* [How to complete this task]: Your job is to retype all of the data word for word, leaving every image out.

* [Source material]:
☆ ☆ ☆

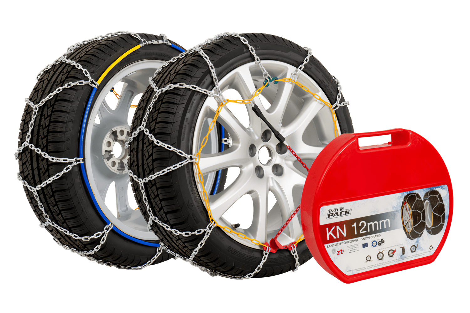 - Sněhové řetězy Inter Pack KN jsou určeny pro osobní automobily. Články o tloušťce 12 mm zaručují odolnost a snadná instalace nevyžaduje přejíždění. Diamantový vzor zlepšuje trakci. Jsou certifikovány dle norem TÜV, GS a Ö-Norm a jsou kompatibilní s ABS a
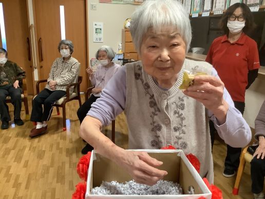 箱の中に紙くずとお菓子を入れて、お菓子が見えないようにし宝探し気分でお菓子のつかみ取りをしていただきました(^O^)/
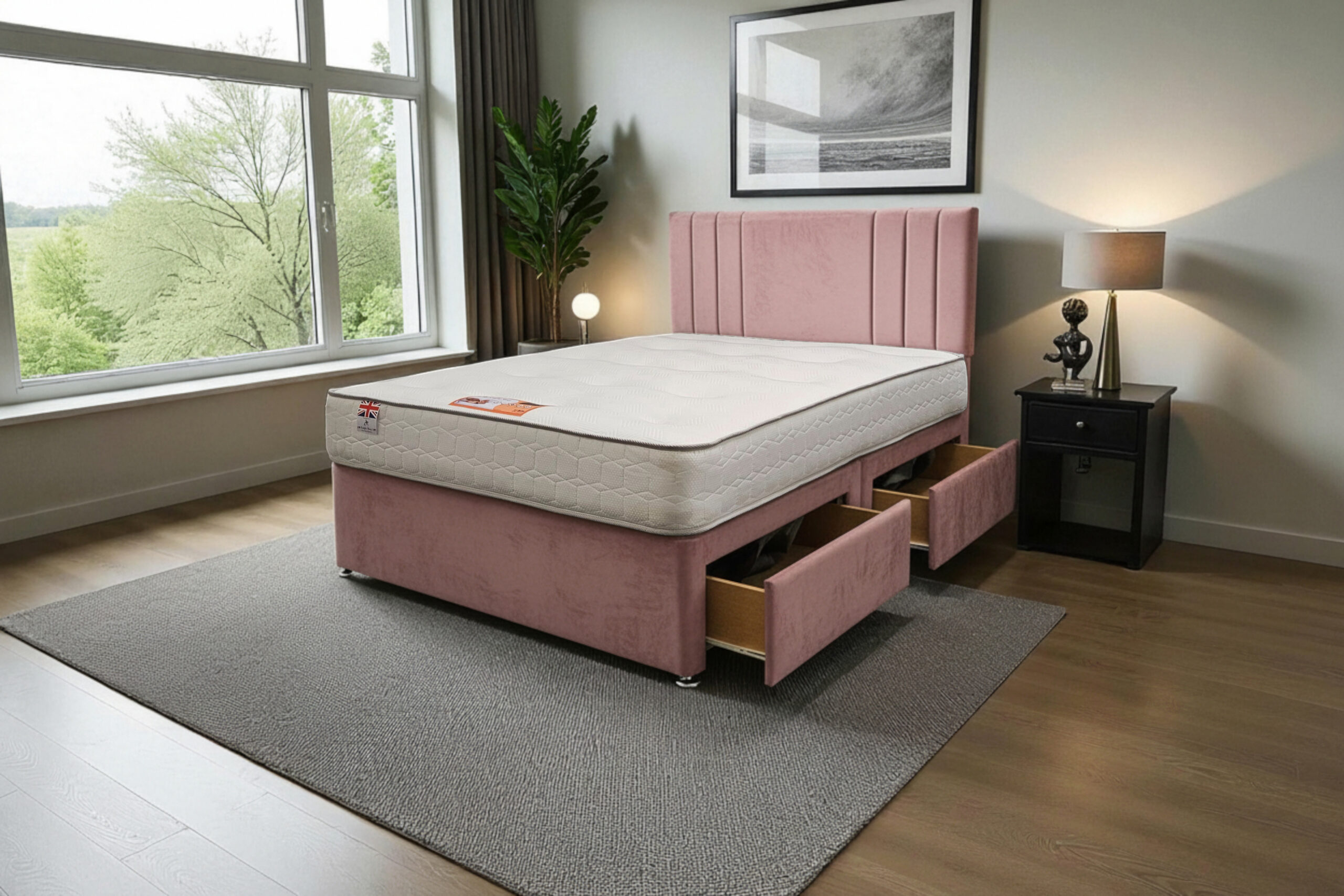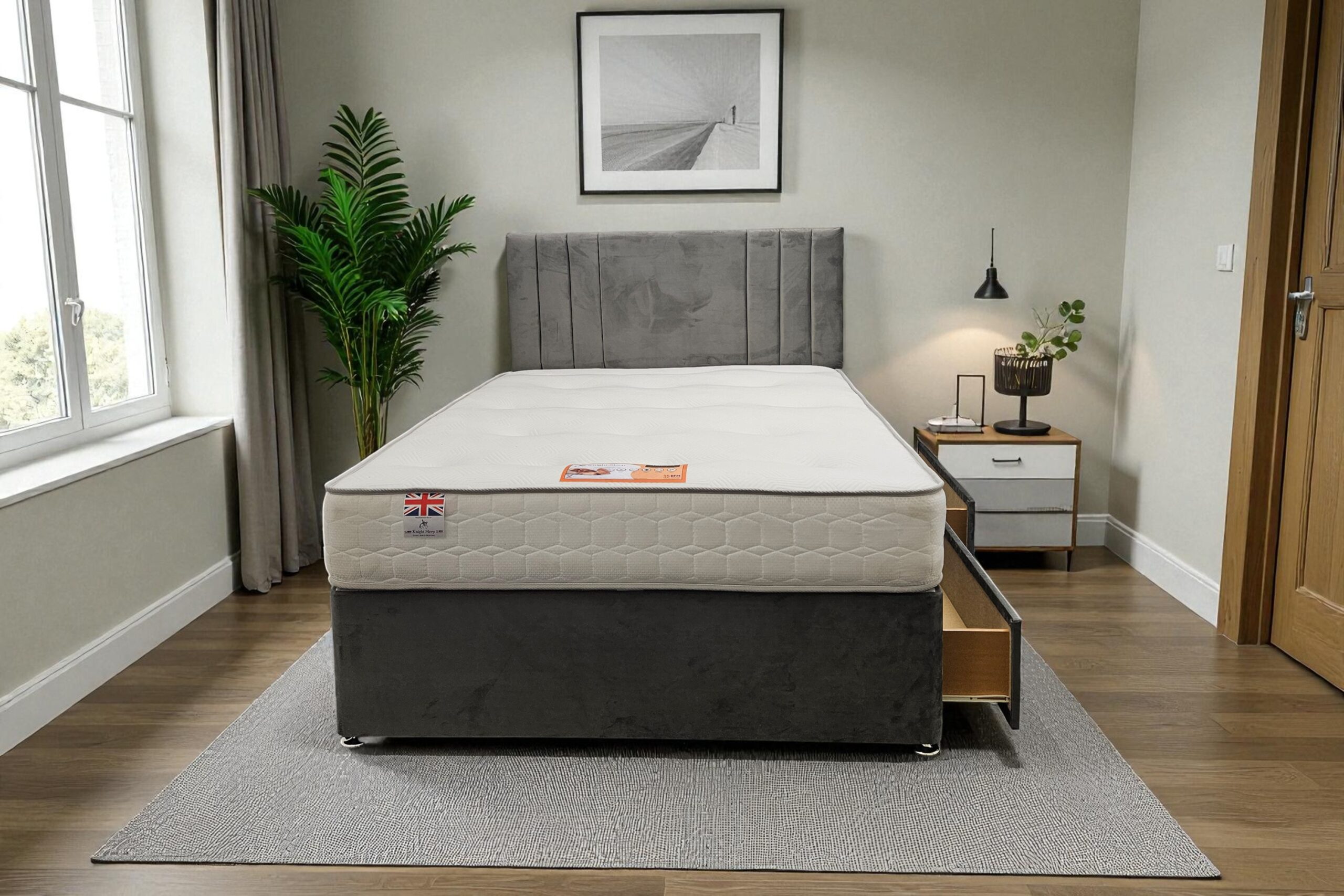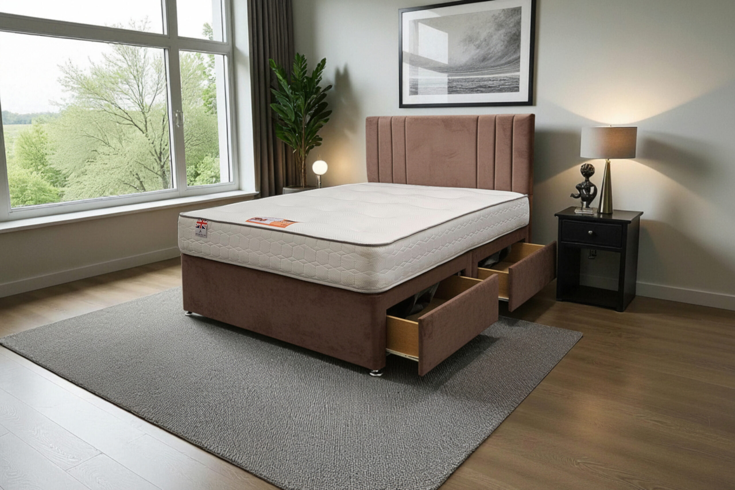 Our Sarah Divan Bed is a premium-quality, customisable solution designed for comfort, durability, and modern living. Made with a strong wooden frame, it provides a firm, flat surface that supports all UK standard mattress types and helps extend mattress life.

☆ ☆ ☆

* [Answer to the problem]:
 - Sněhové řetězy Inter Pack KN jsou určeny pro osobní automobily. Články o tloušťce 12 mm zaručují odolnost a snadná instalace nevyžaduje přejíždění. Diamantový vzor zlepšuje trakci. Jsou certifikovány dle norem TÜV, GS a Ö-Norm a jsou kompatibilní s ABS a
 箱の中に紙くずとお菓子を入れて、お菓子が見えないようにし宝探し気分でお菓子のつかみ取りをしていただきました(^O^)/
 Our Sarah Divan Bed is a premium-quality, customisable solution designed for comfort, durability, and modern living. Made with a strong wooden frame, it provides a firm, flat surface that supports all UK standard mattress types and helps extend mattress life.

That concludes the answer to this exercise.